What is required: Your answer must be the exact lines below, starting with the line with "Champagne gold free" and going on through the line with "A bouquet featuring", both included, with no pictures.

Data to use:
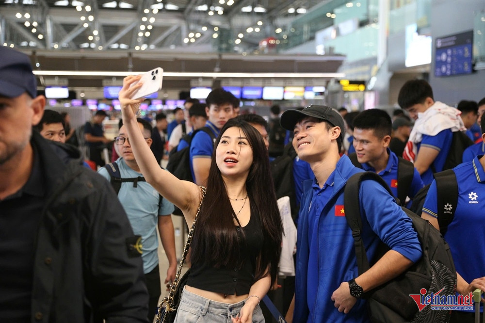 Những nhà vô địch ASEAN Cup 2024 đã hạ cánh xuống sân bay Nội Bài. Ảnh: Song Ngư
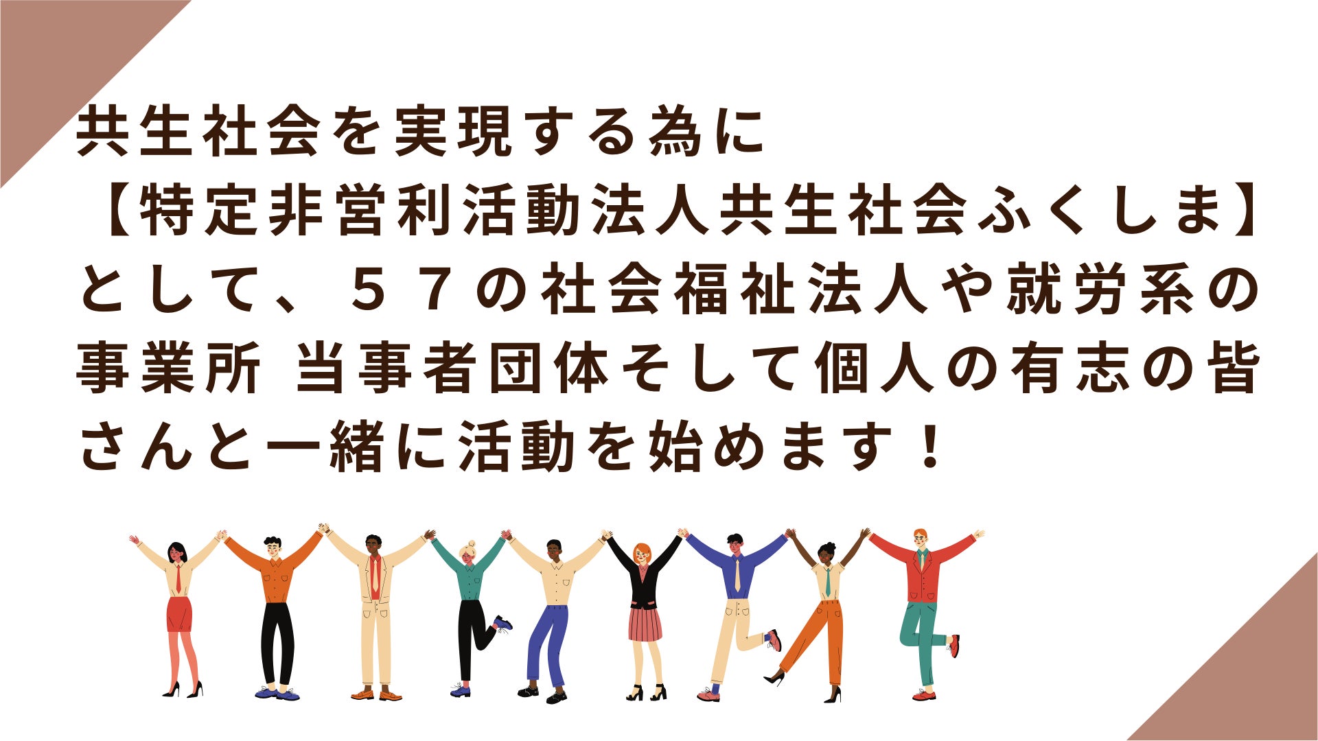 福島市を中心とした県北地区にある社会福祉法人等で構成する「特定非営利活動法人共生社会ふくしま」と申します。
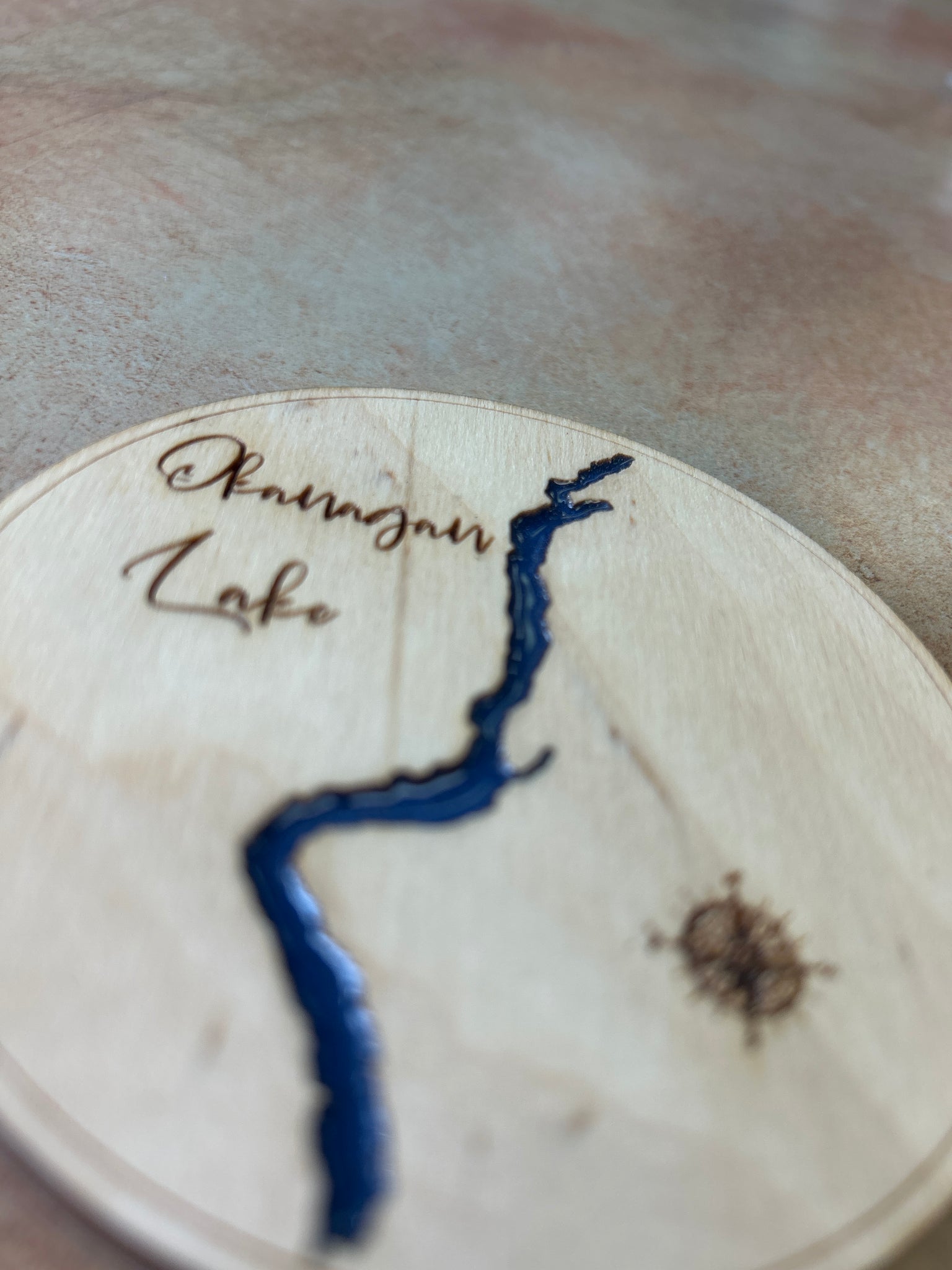Add a rustic yet elegant touch to your space with this handcrafted Okanagan Lake coaster. 4-inch round coaster features a beautiful combination of natural wood, divided with a striking resin inlay that captures the unique shape of Okanagan Lake in vivid, shimmering blue epoxy. The design is accented with an engraved compass rose and elegant lettering, making it both a functional piece and a conversation starter.
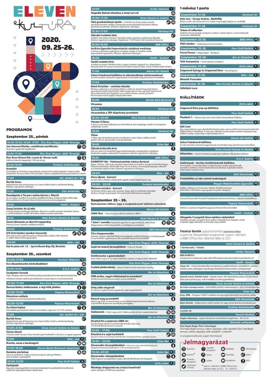 Az ELEVEN ŐSZ keretében a sokszínű helyi vállalkozások, izgalmas művészeti programot kínáló galériák, az ínycsiklandozó falatokat felszolgáló éttermek, a hangulatos borozók és kávézók forgalmas utcából igazi közösséggé varázsolják a Bartók Béla Boulevardot. Teszik mindezt a hely szelleméhez méltón, hiszen ne feledjük, hogy egykoron olyan nagy nevek, mint Kosztolányi vagy Karinthy is itt töltötték szabadidejüket, itt merítettek ihletet az alkotáshoz. Azóta indultak már innen új irányokat mutató irodalmi programok, vagy éppen határokon átívelő kiállítások, és ma már a hangulatos nyári esték is nehezen elképzelhetők a Bartók Béla nyüzsgő forgataga nélkül.
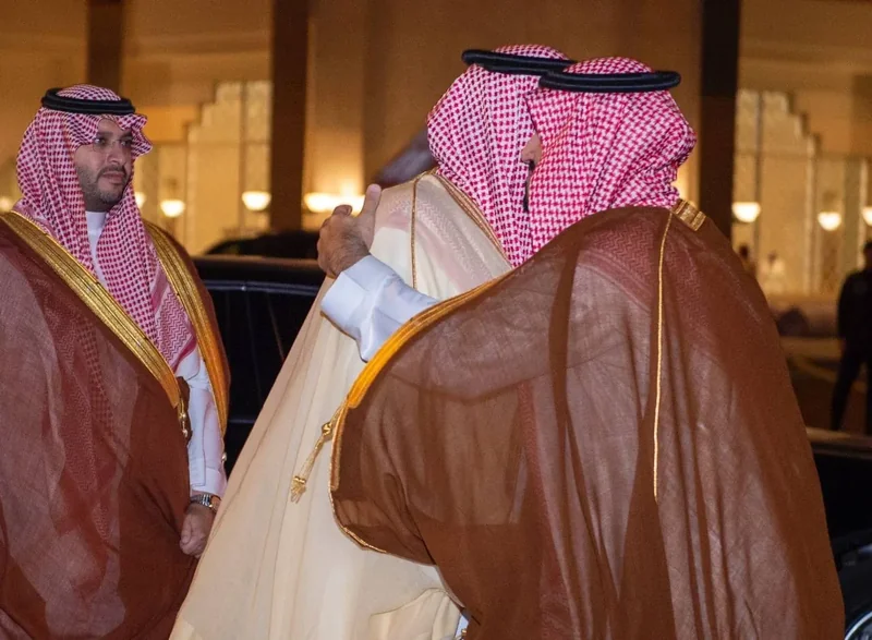 HRH the Crown Prince departs Madinah Al-Munawwarah and in forefront those bidding him farewell HRH the Emir of Madinah Al-Munawwarah and HRH.
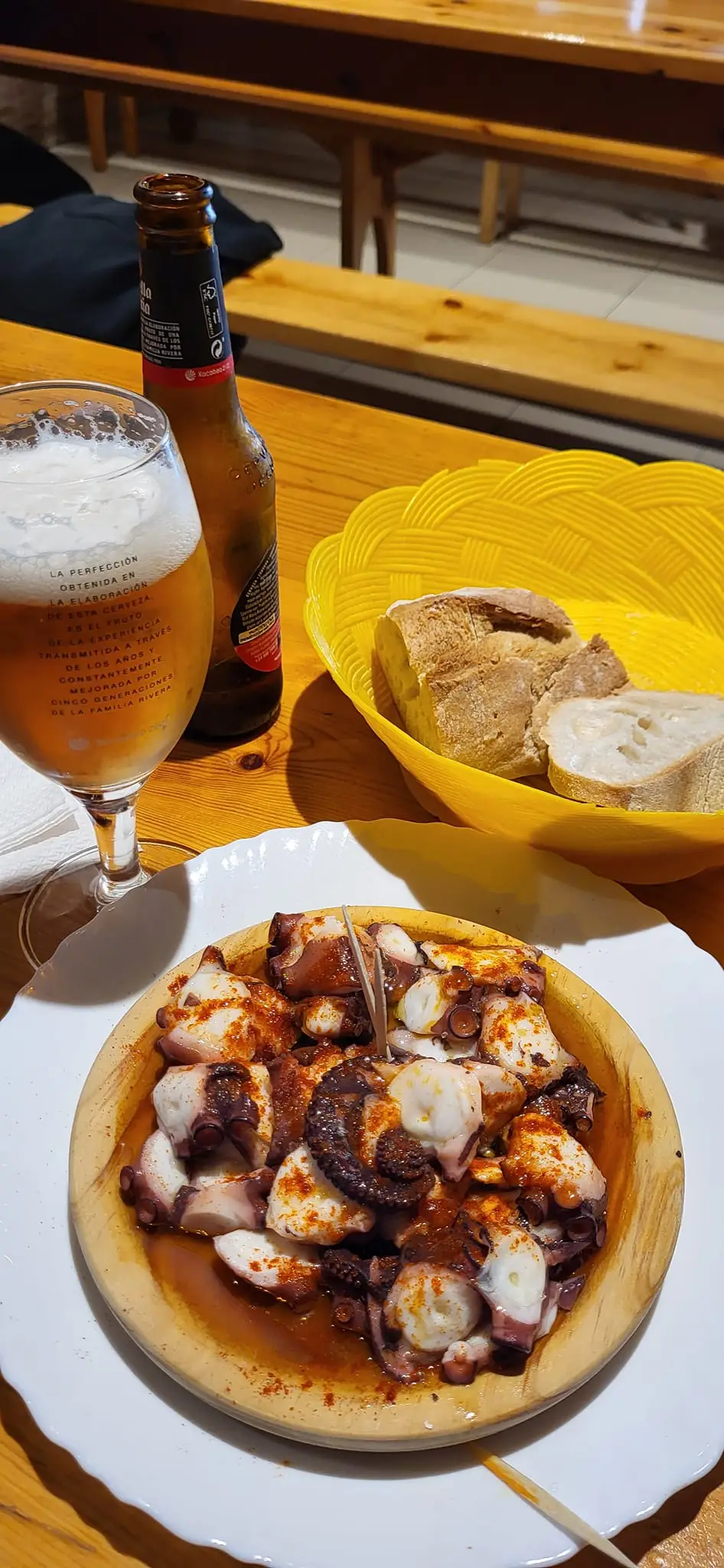Melide라는 곳에서 점심으로 갈라시아 지방의 요리 문어요리를 먹었다. 요리래 봐야 문어를 삶고 그 위에다 약간의 이름 모를 붉은 가루 소스를 친 게 전부다. 더불어 마시는 맥주나 와인이 마치 피아노의 C 건반과 D 건반을 함께 두들길 때 나는 불협화음을 듣는 기분이다.
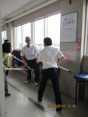 警察署の方にご指導いただきながら、教員間の連絡・対応の仕方について確認すると共に、学級では、教室の施錠やバリケード、そして担任の指導のもとで待機することを確認しました。
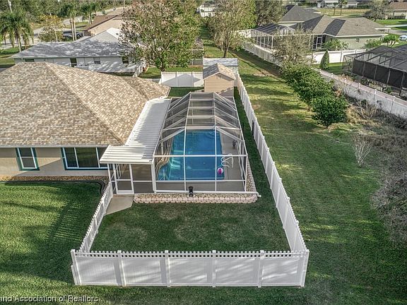 Spacious POOL home is perfectly manicured and located in Sun N Lakes, a golf course community. No HOA in this section. So many upgrades have been added to this home. The exterior will get your attention as soon as you pull into the driveway. Custom painted drive way, concrete edge around all landscaping, well irrigation for watering your manicured lawn. Rain gutters around the whole house. New roof on home and on large shed in the back that matches the house perfectly. New solar panels to heat the salt water pool. Large covered lanai to sit and enjoy your beautiful fenced in back yard. Even has a screened in front entry and skeeter beater on garage door.
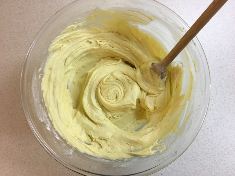 Sift in flour, and stir until combined. Add a spoonful or two of water if necessary to loosen the mix a bit.
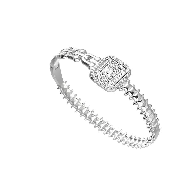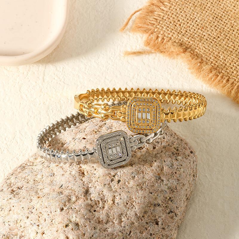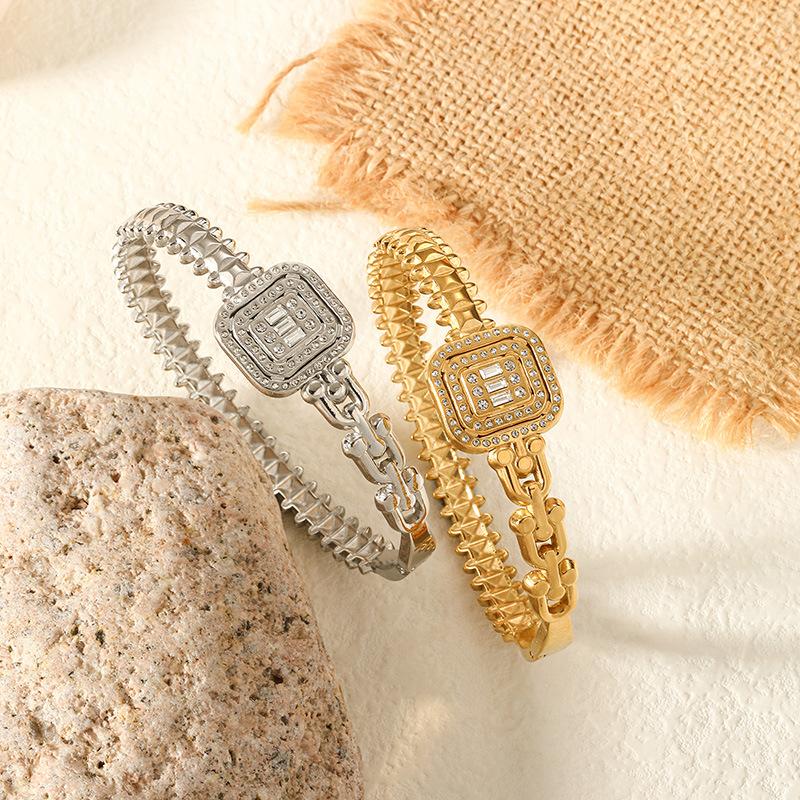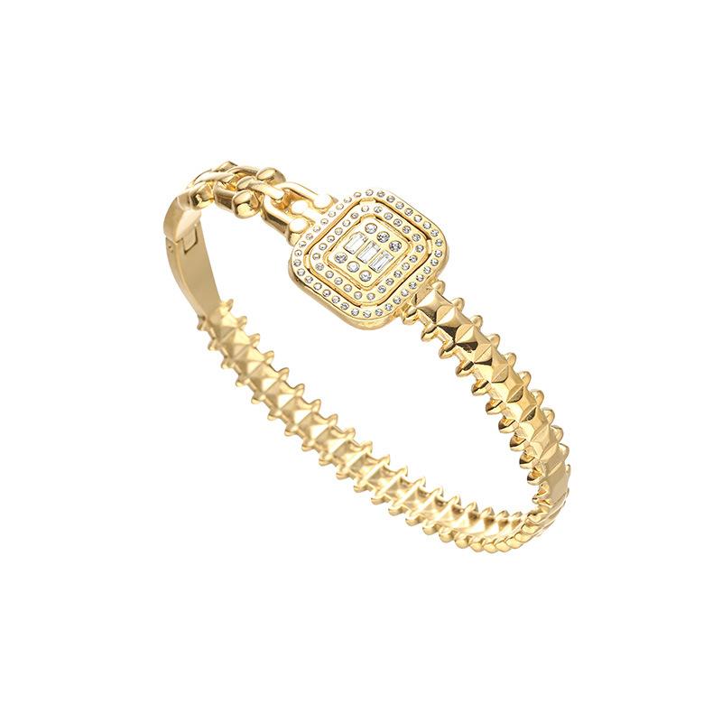 Pulsera Europea y Americana de Acero Inoxidable de Lujo Ligero Moda para Mujer Diamante Cuadrado Joyería de Oro de 18K Nicho Transfronterizo Pulsera Versátil
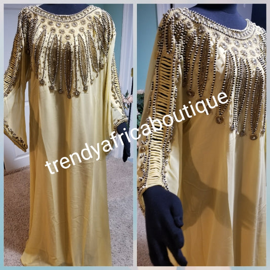 Champagne gold free flowing Dubai Kaftan bubu. Beaded and stones. Quality bead work. Free size. Chiffon kaftan dress
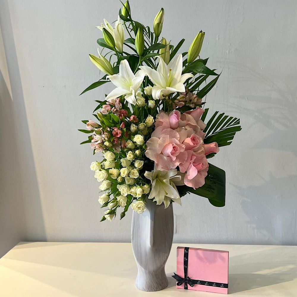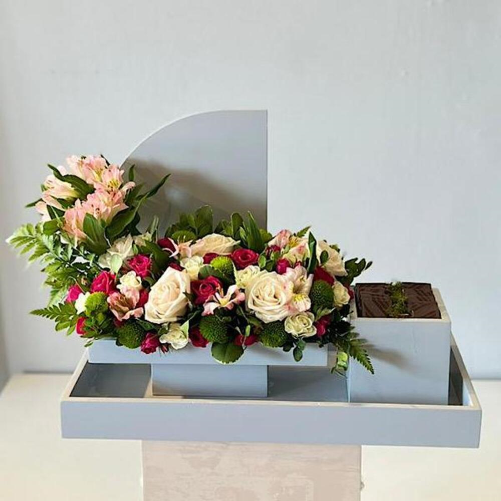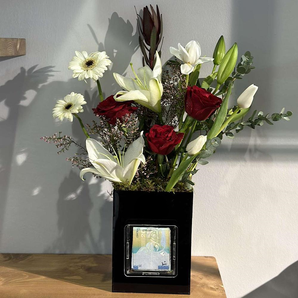 A bouquet featuring roses, baby roses and alstroemeria flowers with chocolates and an empty acrylic money pocket. Note: Money is not included.
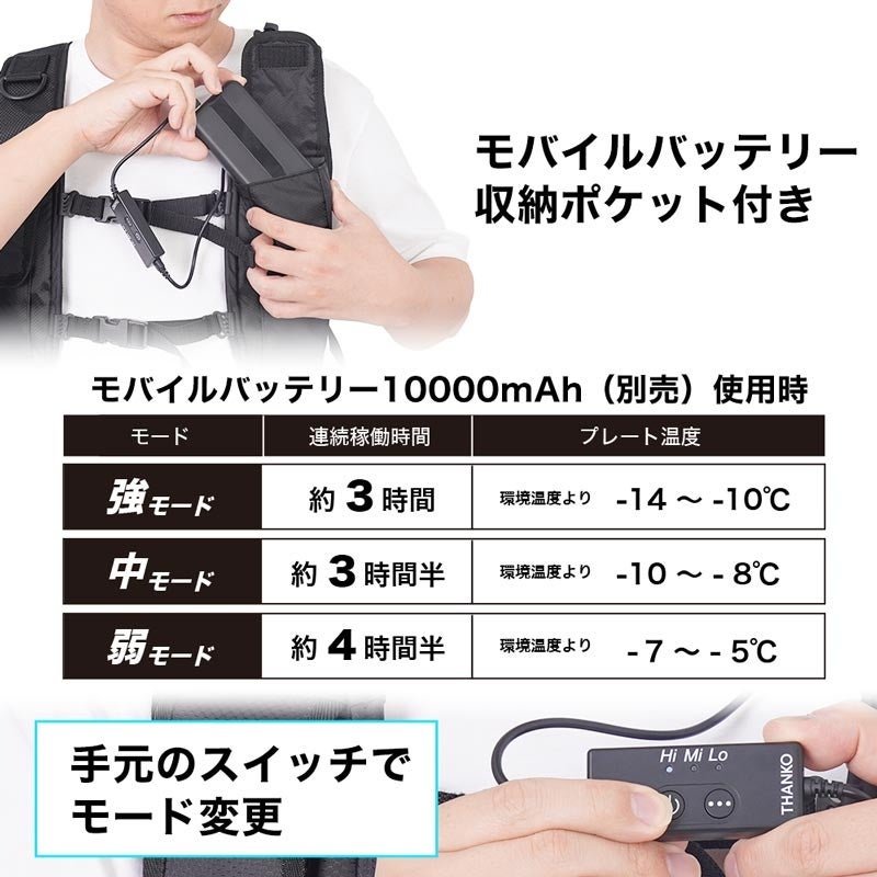 電源はお手持ちのモバイルバッテリーが使えるUSB給電方式。小型冷蔵庫などに搭載されるペルチェ冷却システムを採用。電源を入れると背中左右に搭載された冷却プレートが環境温度から約-14度に冷えて冷却。暑い夏でも快適に過ごすことが可能です。手元のリモコンで弱中強の3段階切り替えが可能。10000mAhのモバイルバッテリー使用時で最大4.5時間稼働(弱モード時)します。モバイルバッテリーは前側のポケットに収納可能。M~3L(胸囲160cm)まで対応。ベルトでしっかりと締められるのでフィット感の調整が可能。冷却ユニット部分を取り外して洗濯機で洗濯が可能。いつでも清潔にお使いいただけます。墜落制止用器具ハーネスに対応。ファン付ウェアの中に本製品を着て使用も可能です。
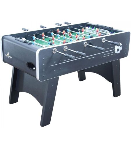 Le Babyfoot sportif Arena est ?quip? de barres t?lescopiques (qui ne ressortent pas) en acier massif chrom? (?16 mm), poign?es bois, sur roulement ? billes. Le Babyfoot sportif Arena est ?quip? de barres en acier massif chrom? (?16 mm), poign?es bois, sur roulement ? billes. La table est facile ? monter et sa structure en MDF est recouverte d'un stratifi? synth?tique noir et dur.. Barres en acier massif chrom? (?12 mm) t?lescopiques, qui ne ressortent pas de l'autre cot? du baby foot.. Le rebord des faces de la structure est en outre prot?g? par une baguette en aluminium.. Les amortisseurs en caoutchouc ?quipant les tiges rendent le jeu agr?able.. 26 joueurs en ABS. Les gardiens de but peuvent pivoter sur 360? et derri?re chaque cage se trouve un retour de balles incorpor?.. Inclus : 4 balles disponibles (diam : 36mm) dans 2 duret?s et designs.. Sortie de la balle de jeu de chaque c?t?, au niveau de la ligne m?diane.. Avec compteur de points.. Poids net: 77 kg. Garantie 24 mois ...

Task response:
 Champagne gold free flowing Dubai Kaftan bubu. Beaded and stones. Quality bead work. Free size. Chiffon kaftan dress
 A bouquet featuring roses, baby roses and alstroemeria flowers with chocolates and an empty acrylic money pocket. Note: Money is not included.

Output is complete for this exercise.